Multiplying Mixed Numbers: 1 2/9 x 1 4/5
This article will guide you through the steps of multiplying the mixed numbers 1 2/9 and 1 4/5.
Understanding Mixed Numbers
Before we start, let's remember what mixed numbers are. They are a combination of a whole number and a fraction. For example, 1 2/9 represents one whole plus two-ninths.
Converting to Improper Fractions
The first step in multiplying mixed numbers is to convert them into improper fractions. To do this:
- Multiply the whole number by the denominator of the fraction. In 1 2/9, 1 x 9 = 9.
- Add the numerator. 9 + 2 = 11.
- Keep the same denominator. This gives us 11/9.
We apply the same process to 1 4/5: 1 x 5 = 5, 5 + 4 = 9, so 1 4/5 becomes 9/5.
Multiplying the Improper Fractions
Now that we have improper fractions, we can multiply them like any other fraction:
- Multiply the numerators. 11 x 9 = 99.
- Multiply the denominators. 9 x 5 = 45.
This gives us 99/45.
Simplifying the Answer
The final step is to simplify the improper fraction 99/45. We can do this by finding the greatest common factor (GCF) of the numerator and denominator, which is 9. Dividing both by 9, we get 11/5.

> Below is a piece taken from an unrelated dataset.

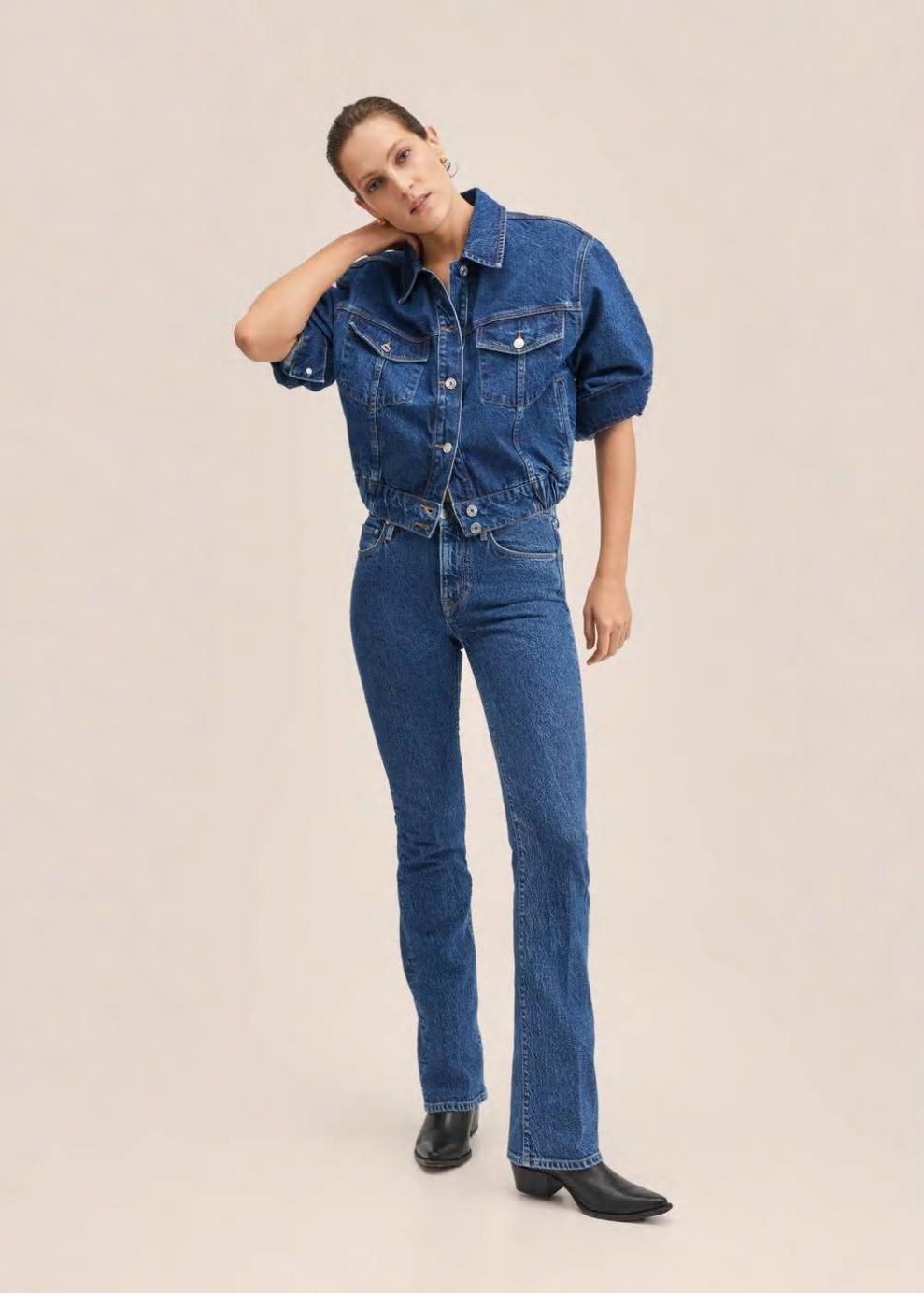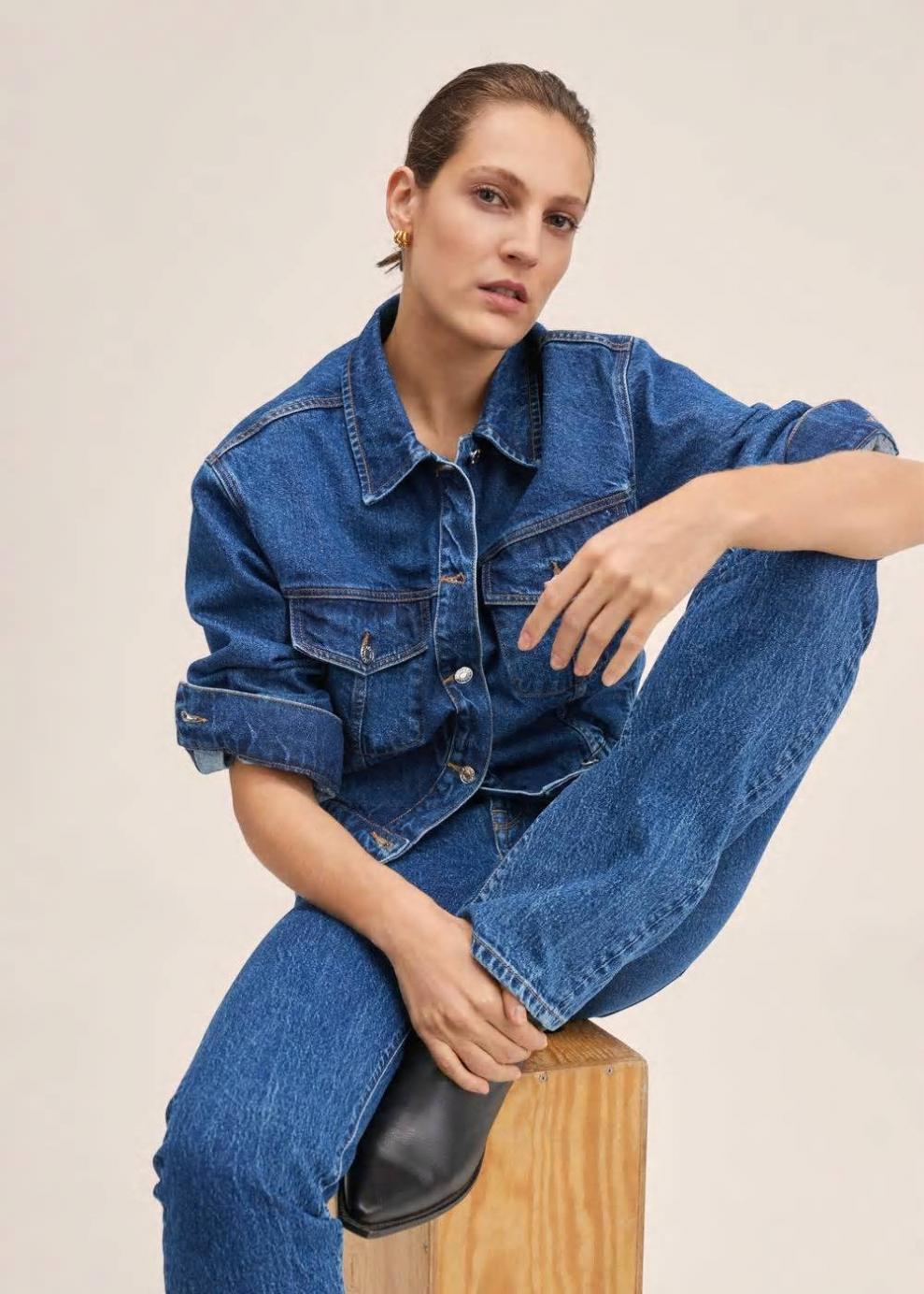 Colección Committed Tejido de algodón estilo tejano vaquero Diseño oversize Diseño corto Cuello de solapa Manga larga con puños abotonados Dos bolsillos sin solapa en la parte delanteraCierre delantero Cintura elástica Manga larga Costuras en contraste Cierre de botones en la parte delantera Diseño estándar Las prendas etiquetadas como Committed son productos que han sido confeccionadas con fibras y/o procesos de producción sostenible, reduciendo así su impacto ambiental. El objetivo de Mango es respaldar la implementación de prácticas más comprometidas con el medio ambiente, aumentando así, el número de prendas sostenibles en su colección.
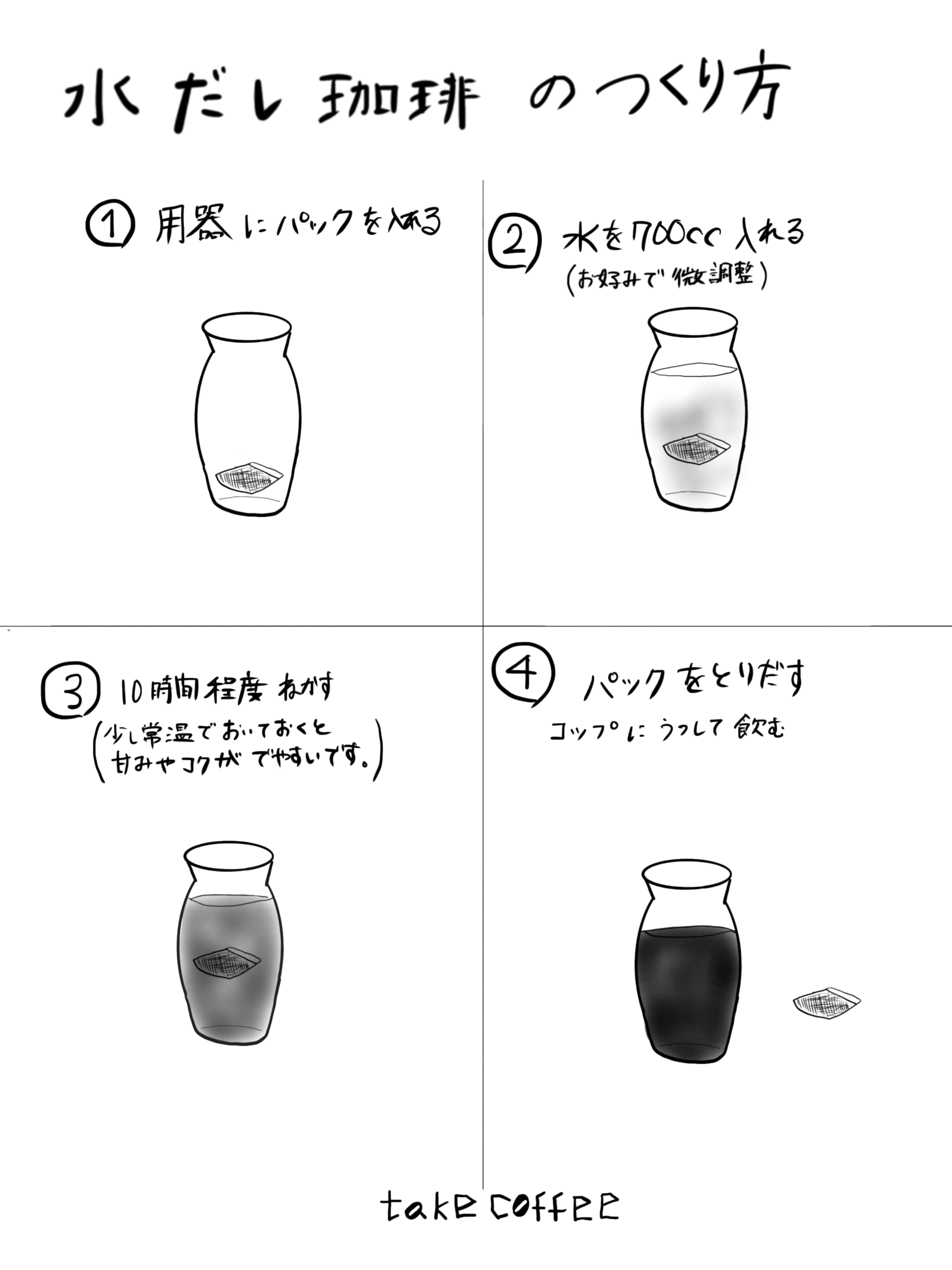 ①800cc〜1L程度のポットを用意。水出しパックを入れる

Converting Back to Mixed Number (Optional)
Since the answer is an improper fraction, we can convert it back to a mixed number:
- Divide the numerator by the denominator. 11 ÷ 5 = 2 with a remainder of 1.
- The quotient becomes the whole number. So we have 2.
- The remainder becomes the numerator of the fraction. The denominator stays the same. This gives us 2 1/5.
Conclusion
Therefore, 1 2/9 multiplied by 1 4/5 equals 11/5 or 2 1/5. Remember to always convert mixed numbers to improper fractions before multiplying, and simplify your answer if possible.